WHAT TO DO: A faithful copy is required. Print each line of the data exactly and omit the pictures.

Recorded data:

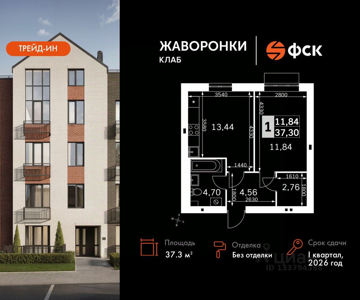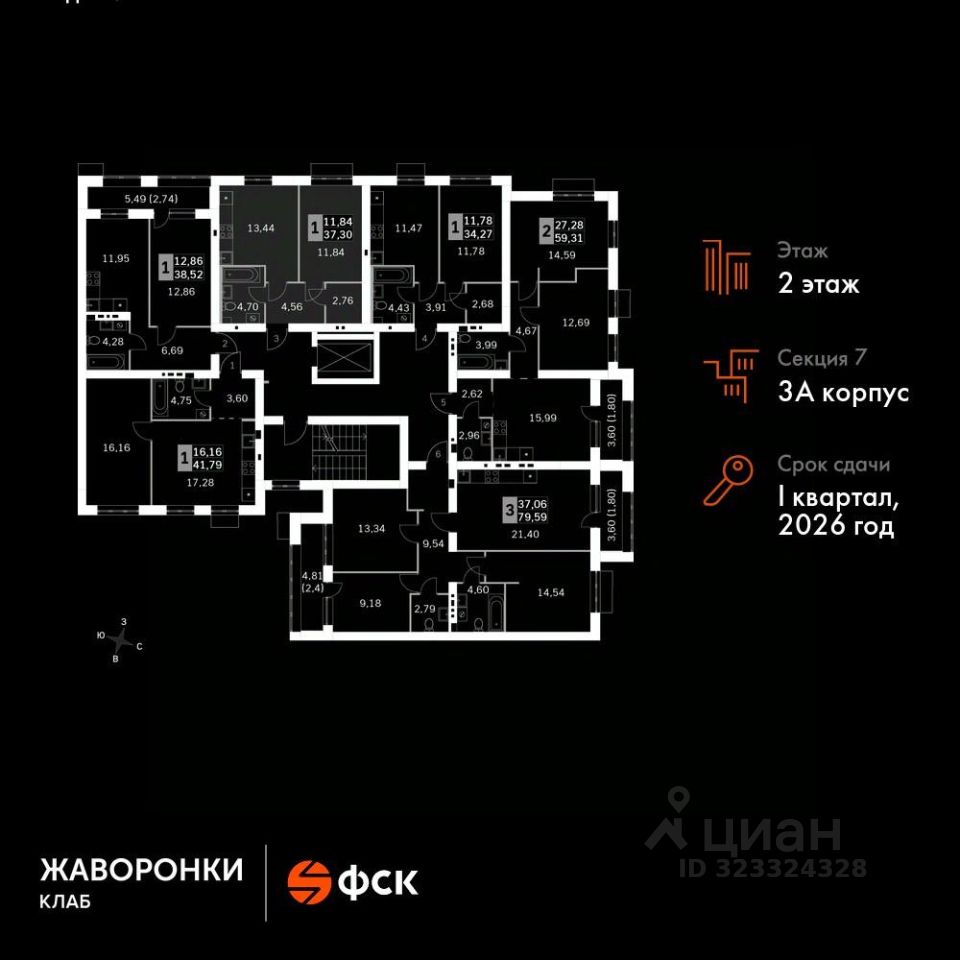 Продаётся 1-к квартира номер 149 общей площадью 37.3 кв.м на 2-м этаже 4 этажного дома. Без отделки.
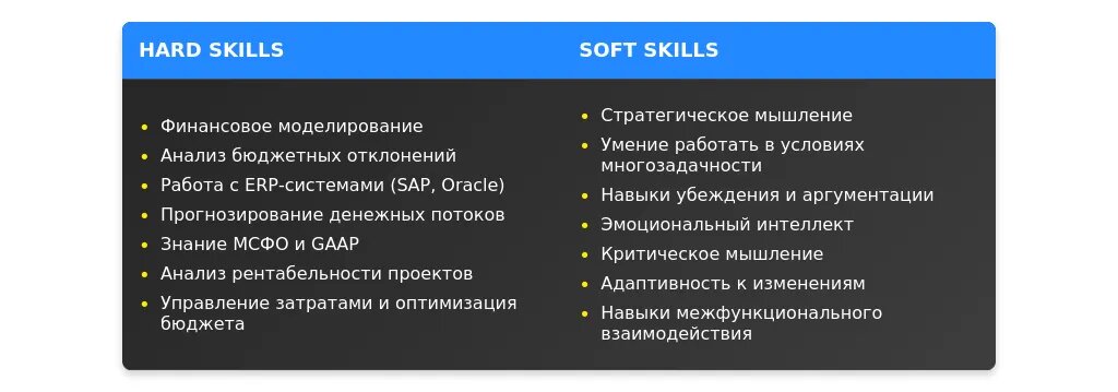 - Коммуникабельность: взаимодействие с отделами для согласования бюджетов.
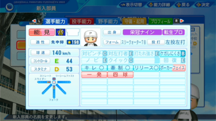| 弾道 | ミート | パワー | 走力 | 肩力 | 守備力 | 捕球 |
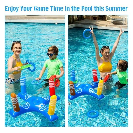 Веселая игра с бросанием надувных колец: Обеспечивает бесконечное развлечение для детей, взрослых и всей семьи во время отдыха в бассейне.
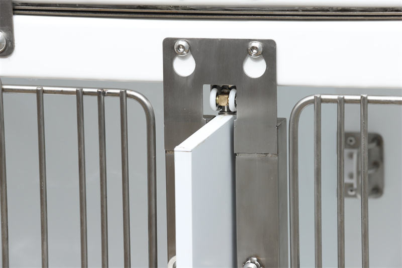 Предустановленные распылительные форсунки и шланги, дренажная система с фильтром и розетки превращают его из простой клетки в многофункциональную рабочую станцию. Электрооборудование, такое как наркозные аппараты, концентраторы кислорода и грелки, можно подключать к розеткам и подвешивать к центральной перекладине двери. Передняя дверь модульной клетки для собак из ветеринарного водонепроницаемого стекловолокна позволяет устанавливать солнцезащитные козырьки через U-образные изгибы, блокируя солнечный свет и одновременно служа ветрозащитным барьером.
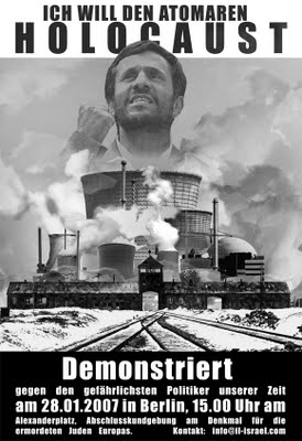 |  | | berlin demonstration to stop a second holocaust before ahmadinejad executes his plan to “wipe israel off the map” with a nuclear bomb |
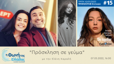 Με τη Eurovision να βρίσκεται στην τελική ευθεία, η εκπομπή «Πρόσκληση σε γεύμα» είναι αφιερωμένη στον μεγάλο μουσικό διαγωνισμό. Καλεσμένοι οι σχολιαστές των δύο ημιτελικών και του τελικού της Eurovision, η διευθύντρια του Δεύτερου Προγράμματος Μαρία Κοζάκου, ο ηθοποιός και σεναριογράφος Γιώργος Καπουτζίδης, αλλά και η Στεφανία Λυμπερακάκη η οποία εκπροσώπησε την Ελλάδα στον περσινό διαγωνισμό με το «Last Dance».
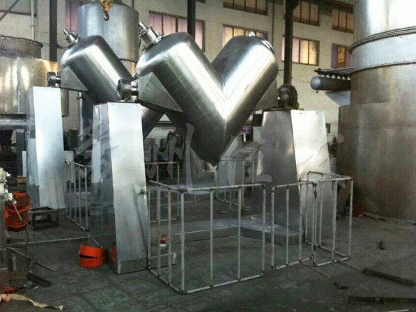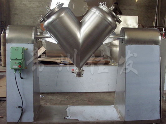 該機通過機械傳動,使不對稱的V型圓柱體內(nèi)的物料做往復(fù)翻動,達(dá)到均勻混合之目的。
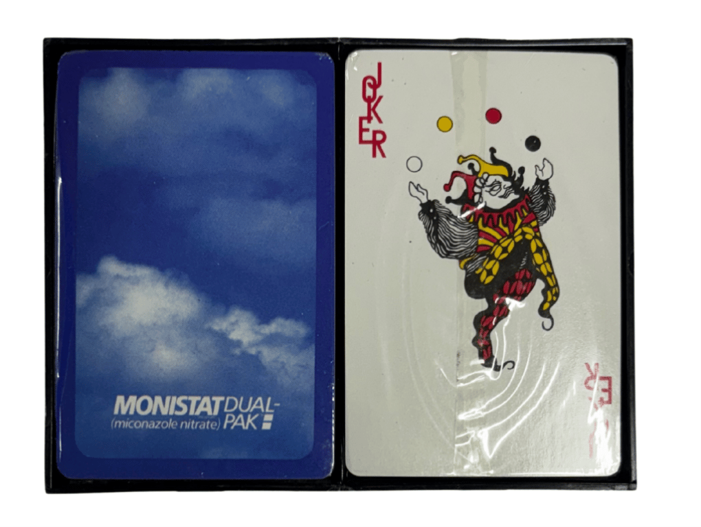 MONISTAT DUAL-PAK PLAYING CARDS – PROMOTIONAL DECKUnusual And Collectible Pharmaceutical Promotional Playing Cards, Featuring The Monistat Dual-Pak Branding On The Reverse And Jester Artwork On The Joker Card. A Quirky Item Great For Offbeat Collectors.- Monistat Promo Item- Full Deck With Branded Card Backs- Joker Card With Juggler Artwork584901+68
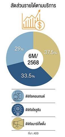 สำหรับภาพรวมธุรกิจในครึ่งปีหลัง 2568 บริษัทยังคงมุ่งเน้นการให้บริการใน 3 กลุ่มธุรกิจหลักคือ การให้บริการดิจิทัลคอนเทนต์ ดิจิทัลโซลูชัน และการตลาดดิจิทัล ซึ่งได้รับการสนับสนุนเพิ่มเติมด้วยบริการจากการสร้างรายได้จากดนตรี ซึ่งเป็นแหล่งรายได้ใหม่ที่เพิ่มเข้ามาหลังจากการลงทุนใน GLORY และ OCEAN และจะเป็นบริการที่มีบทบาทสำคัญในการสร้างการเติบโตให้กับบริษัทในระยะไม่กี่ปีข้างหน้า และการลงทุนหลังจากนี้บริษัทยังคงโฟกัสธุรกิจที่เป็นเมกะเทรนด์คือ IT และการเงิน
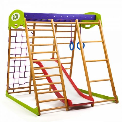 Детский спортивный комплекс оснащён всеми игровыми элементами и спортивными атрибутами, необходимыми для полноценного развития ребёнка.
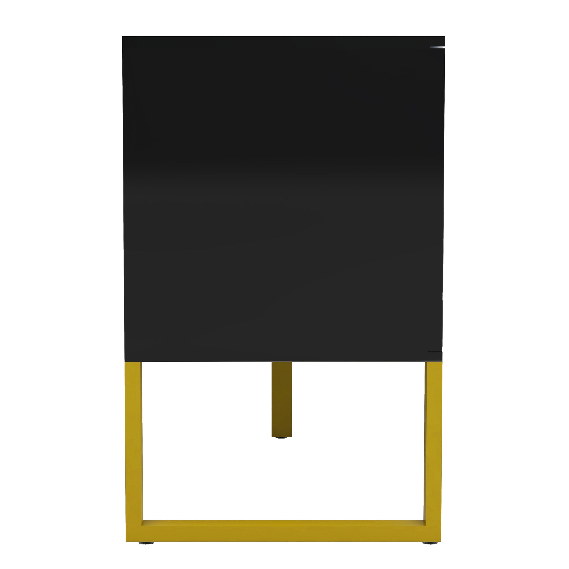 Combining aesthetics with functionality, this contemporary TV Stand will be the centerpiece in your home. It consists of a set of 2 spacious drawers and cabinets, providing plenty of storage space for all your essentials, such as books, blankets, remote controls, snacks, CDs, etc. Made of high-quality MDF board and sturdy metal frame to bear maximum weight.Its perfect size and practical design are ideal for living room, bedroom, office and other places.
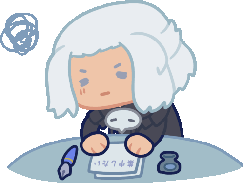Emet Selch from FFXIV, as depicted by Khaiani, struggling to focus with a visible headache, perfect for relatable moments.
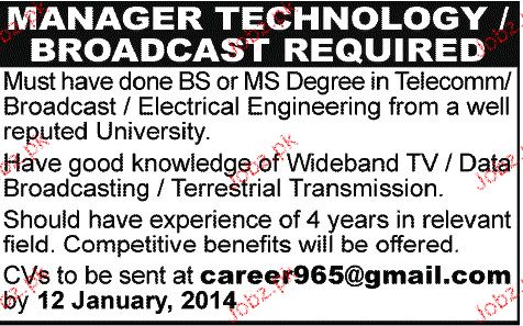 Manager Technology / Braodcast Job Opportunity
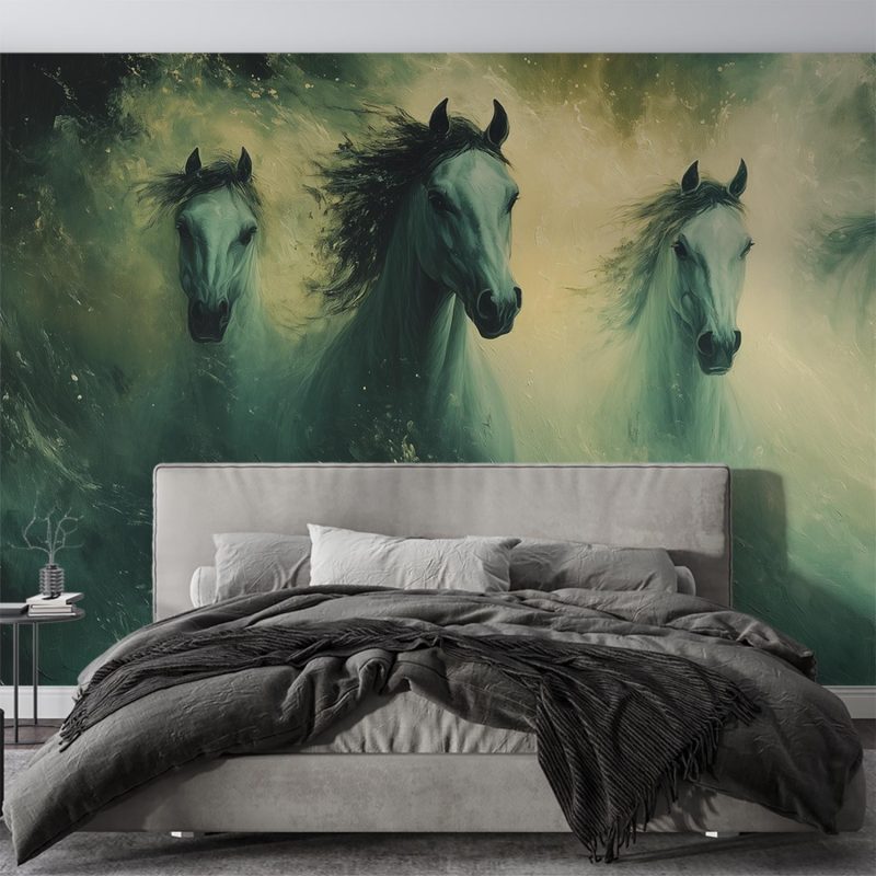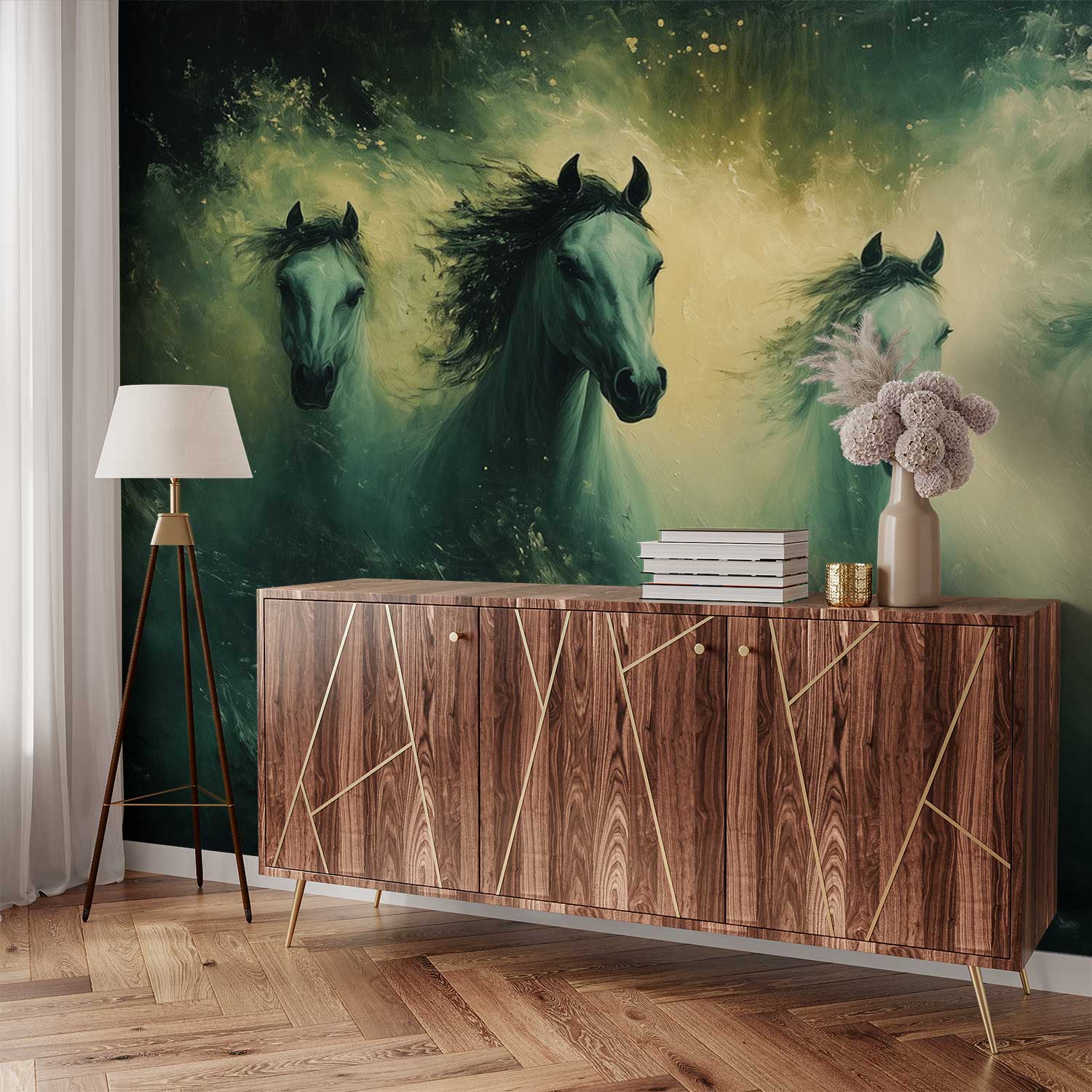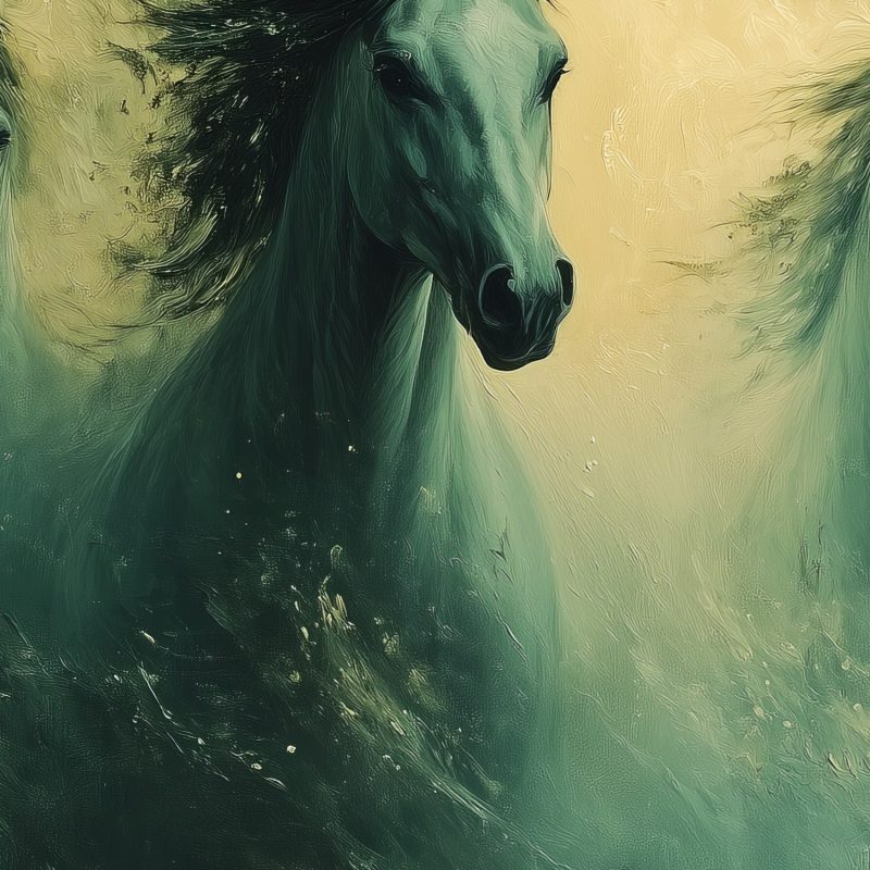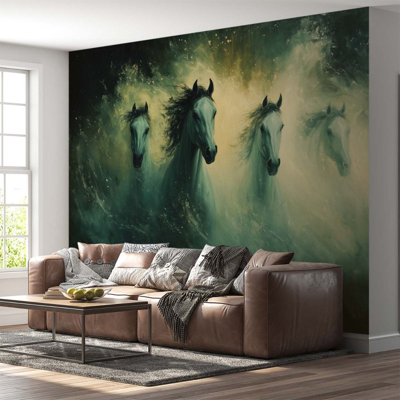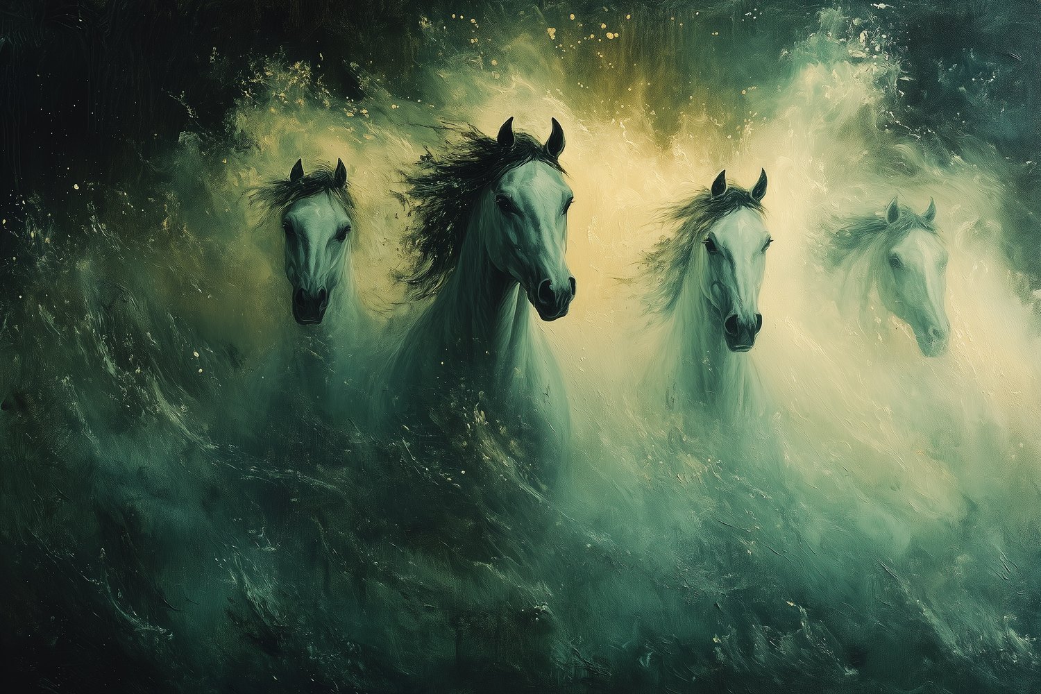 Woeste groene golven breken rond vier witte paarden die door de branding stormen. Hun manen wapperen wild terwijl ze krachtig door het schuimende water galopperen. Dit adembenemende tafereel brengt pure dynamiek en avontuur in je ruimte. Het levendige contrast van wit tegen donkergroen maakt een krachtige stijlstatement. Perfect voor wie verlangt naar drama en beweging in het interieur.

RESULT FOR THIS EXERCISE:
 Продаётся 1-к квартира номер 149 общей площадью 37.3 кв.м на 2-м этаже 4 этажного дома. Без отделки.
 - Коммуникабельность: взаимодействие с отделами для согласования бюджетов.
| 弾道 | ミート | パワー | 走力 | 肩力 | 守備力 | 捕球 |
 Веселая игра с бросанием надувных колец: Обеспечивает бесконечное развлечение для детей, взрослых и всей семьи во время отдыха в бассейне.
 Предустановленные распылительные форсунки и шланги, дренажная система с фильтром и розетки превращают его из простой клетки в многофункциональную рабочую станцию. Электрооборудование, такое как наркозные аппараты, концентраторы кислорода и грелки, можно подключать к розеткам и подвешивать к центральной перекладине двери. Передняя дверь модульной клетки для собак из ветеринарного водонепроницаемого стекловолокна позволяет устанавливать солнцезащитные козырьки через U-образные изгибы, блокируя солнечный свет и одновременно служа ветрозащитным барьером.
 |  | | berlin demonstration to stop a second holocaust before ahmadinejad executes his plan to “wipe israel off the map” with a nuclear bomb |
 Με τη Eurovision να βρίσκεται στην τελική ευθεία, η εκπομπή «Πρόσκληση σε γεύμα» είναι αφιερωμένη στον μεγάλο μουσικό διαγωνισμό. Καλεσμένοι οι σχολιαστές των δύο ημιτελικών και του τελικού της Eurovision, η διευθύντρια του Δεύτερου Προγράμματος Μαρία Κοζάκου, ο ηθοποιός και σεναριογράφος Γιώργος Καπουτζίδης, αλλά και η Στεφανία Λυμπερακάκη η οποία εκπροσώπησε την Ελλάδα στον περσινό διαγωνισμό με το «Last Dance».
 該機通過機械傳動,使不對稱的V型圓柱體內(nèi)的物料做往復(fù)翻動,達(dá)到均勻混合之目的。
 MONISTAT DUAL-PAK PLAYING CARDS – PROMOTIONAL DECKUnusual And Collectible Pharmaceutical Promotional Playing Cards, Featuring The Monistat Dual-Pak Branding On The Reverse And Jester Artwork On The Joker Card. A Quirky Item Great For Offbeat Collectors.- Monistat Promo Item- Full Deck With Branded Card Backs- Joker Card With Juggler Artwork584901+68
 สำหรับภาพรวมธุรกิจในครึ่งปีหลัง 2568 บริษัทยังคงมุ่งเน้นการให้บริการใน 3 กลุ่มธุรกิจหลักคือ การให้บริการดิจิทัลคอนเทนต์ ดิจิทัลโซลูชัน และการตลาดดิจิทัล ซึ่งได้รับการสนับสนุนเพิ่มเติมด้วยบริการจากการสร้างรายได้จากดนตรี ซึ่งเป็นแหล่งรายได้ใหม่ที่เพิ่มเข้ามาหลังจากการลงทุนใน GLORY และ OCEAN และจะเป็นบริการที่มีบทบาทสำคัญในการสร้างการเติบโตให้กับบริษัทในระยะไม่กี่ปีข้างหน้า และการลงทุนหลังจากนี้บริษัทยังคงโฟกัสธุรกิจที่เป็นเมกะเทรนด์คือ IT และการเงิน
 Детский спортивный комплекс оснащён всеми игровыми элементами и спортивными атрибутами, необходимыми для полноценного развития ребёнка.
 Combining aesthetics with functionality, this contemporary TV Stand will be the centerpiece in your home. It consists of a set of 2 spacious drawers and cabinets, providing plenty of storage space for all your essentials, such as books, blankets, remote controls, snacks, CDs, etc. Made of high-quality MDF board and sturdy metal frame to bear maximum weight.Its perfect size and practical design are ideal for living room, bedroom, office and other places.
Emet Selch from FFXIV, as depicted by Khaiani, struggling to focus with a visible headache, perfect for relatable moments.
 Manager Technology / Braodcast Job Opportunity
 Woeste groene golven breken rond vier witte paarden die door de branding stormen. Hun manen wapperen wild terwijl ze krachtig door het schuimende water galopperen. Dit adembenemende tafereel brengt pure dynamiek en avontuur in je ruimte. Het levendige contrast van wit tegen donkergroen maakt een krachtige stijlstatement. Perfect voor wie verlangt naar drama en beweging in het interieur.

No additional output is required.